Tuesday, February 21, 2012

Staff Pick - The Readers' Advisory Guide to Street Literature by Vanessa Morris

Admittedly this is not our typical leisure reading oriented staff pick. The Readers' Advisory Guide to Street Literature (M) by Vanessa Irvin Morris is obviously a reference /professional development book. But it does relate to leisure reading and I personally enjoyed reading it!

This book is part of ALA's Readers' Advisory series, for which RA Gurus Nancy Pearl and Joyce Saricks are series editors. Given the pedigree of those involved, this book definitely has street cred among readers' advisors and librarians.

Street literature has been steadily gaining readership in libraries for many years now. It has been called by many names: such as urban fiction; ghetto fiction; hip-hop lit; gansta-lit; ... but street lit seems to be best fit and the most widely accepted term.

This guide features an excellent forward by street lit author Teri Woods (Dutch (M)), where she highlights the challenges faced by her as an author, and by extension, the genre itself. The main text is written by Vanessa Irvin Morris, a former librarian in Philadelphia and now an ass't professor at Drexel University. You can really tell that she has a true passion for the genre and it's readers!

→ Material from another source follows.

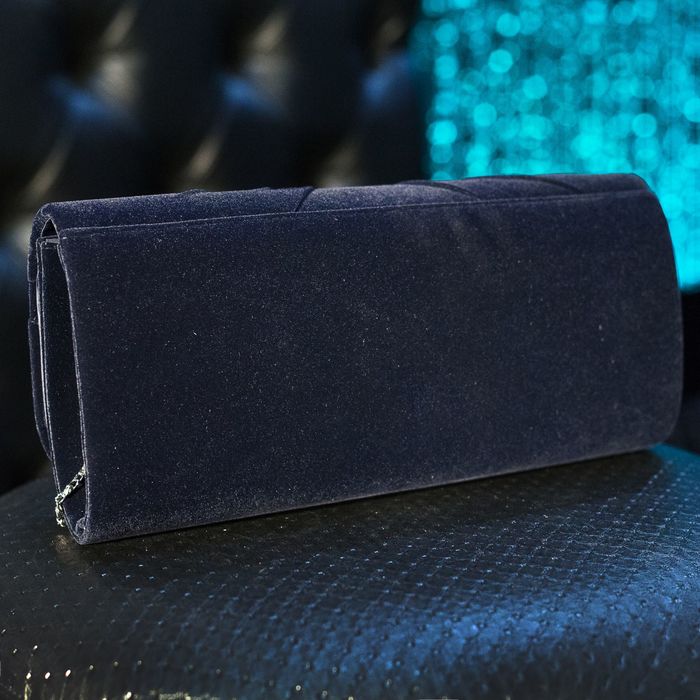 Клатч женский, отдел на клапане, длинная цепь, цвет синий

The book ably describes the history of the genre, highlighting the key titles and authors who where the pioneers, ranging from the memoirs of Donald Goines- Whoreson: the story of a ghetto pimp (M) (1972) to the more recent fiction of Sister Souljah - The Coldest Winter Ever (M) (1999). Morris evens makes a strong case for the inclusion of some literary classics, such as Maggie: a girl of the streets (1893) by Stephen Crane and Daniel Defoe's Moll Flanders (M)(1722).

The book reveals why readers enjoy street lit. i.e the appeals and how RAs can help readers find their next read. I found the book particularly insightful in terms of the author's discussion of why the genre is more than just entertainment, i.e. that these books also serve to educate, motivate and connect readers. Morris is quite articulate and reading her points of view will help any librarian who is ever faced with justifying the inclusion of street lit in our collections.

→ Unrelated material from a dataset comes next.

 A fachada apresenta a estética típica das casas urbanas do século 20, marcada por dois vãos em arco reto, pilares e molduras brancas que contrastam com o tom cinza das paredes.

The are also practical suggestions for serving younger teen readers, as well as a chapter on building a core collection. There are many related non-fiction reading suggestions provided. Genre sub-genres and crossovers are also highlighted, e.g. "thug-love", which features romantic and often erotic sub-plots, e.g. Wahdia Clark's Thugs and the Women Who Love Them (M).

I endorse this title for professional development among RAs in public libraries, as well as for interested readers looking for insight and direction into the exciting literary world of Street Literature.